FOREWORD: A major impediment to future peace-making between Israelis and
Palestinians is the widespread belief among Israelis that the Palestinians
have already violently rejected the opportunity to establish their own
independent state alongside Israel. In the light of this, it follows that
demands to end the Israeli occupation of the West Bank and Gaza Strip and
back a two-state solution are either naive or disingenuous, and cannot be
taken seriously. This view holds that Yasser Arafat's alleged repudiation
of Ehud Barak's 'generous offer' at the Camp David summit in July 2000,
coupled with his apparently uncompromising affirmation of the 'right of
return', unmasked his true and unchanged intention to liquidate the Israeli
state.
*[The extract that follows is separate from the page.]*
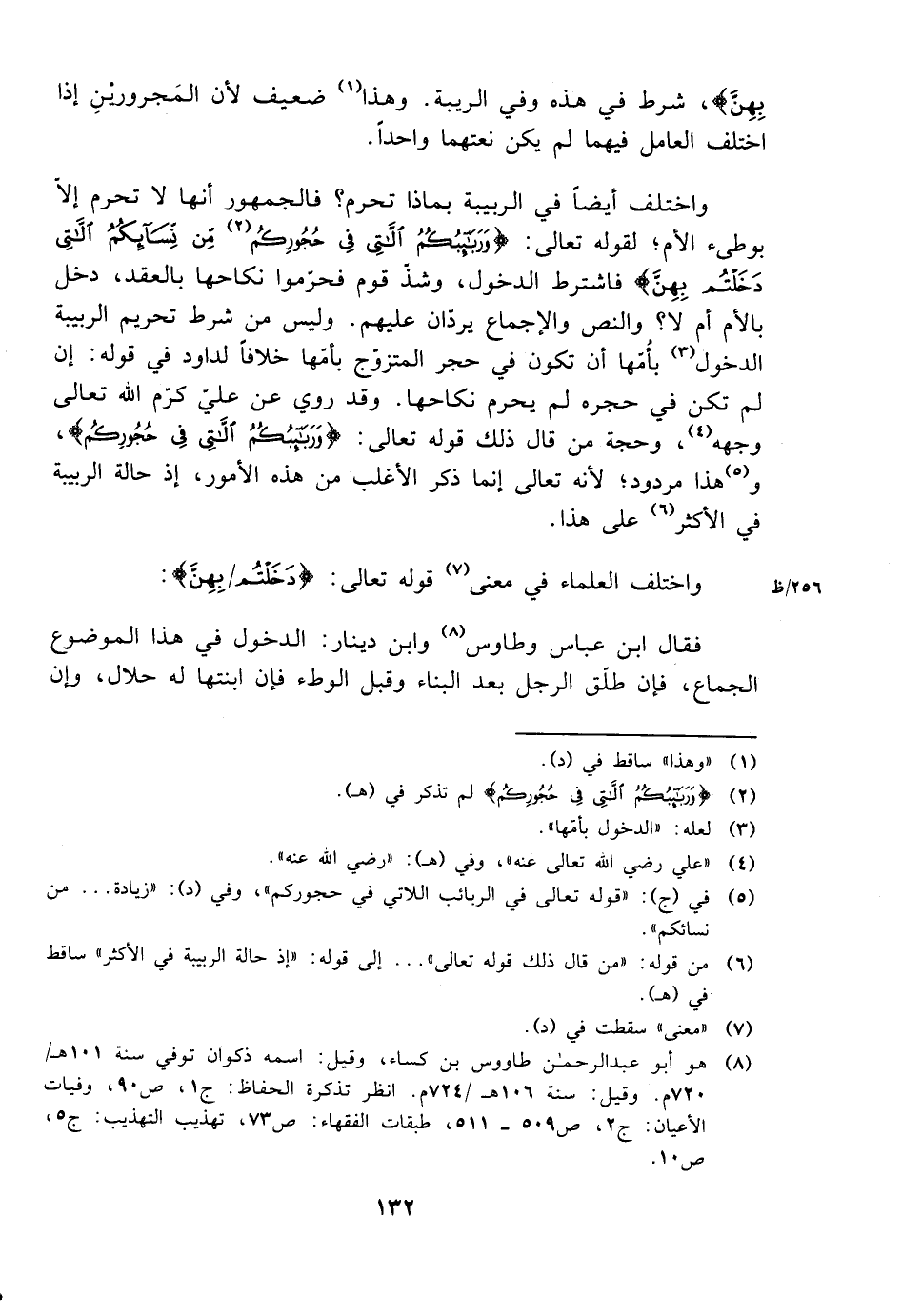 فقال ابن عباس وطاوس وابن دينار: الدخول في هذا الموضوع الجماع، فإن أطلق الرجل بعد البناء وقبل بعد البناء وقبل الوطء فإن ابنتها له حلال، وإن

Many erstwhile supporters of the Israeli peace camp felt betrayed and
duped and have joined the chorus of vengeance that has swept the land. Once
again, there is a mood in Israel of 'no alternative'. The besiegers feel
besieged. However, it is increasingly becoming clear that the simple Israeli
view of events at Camp David and the popular Israeli interpretation of them are
at variance with the truth. It is of the utmost importance for the destinies of
the two peoples that the record is set straight and the myths debunked so that a
path may be cleared for a future peace initiative. This article - to be
published in the 'Palestine-Israel Journal', October/November 2001- is offered
as a contribution to this vital process.



The Infernal Scapegoat

By Dr Tony Klug
September 2001.

The scapegoat is a recurring theme of Jewish history. In biblical times, it was
a real goat upon which the Jewish high priest cast all the sins of the people.
In exile, it was frequently the Jews themselves, denounced and vilified for the
misdeeds of others. Now it is the turn of Yasser Arafat, the Jewish state's
erstwhile partner for peace and currently its supreme villain.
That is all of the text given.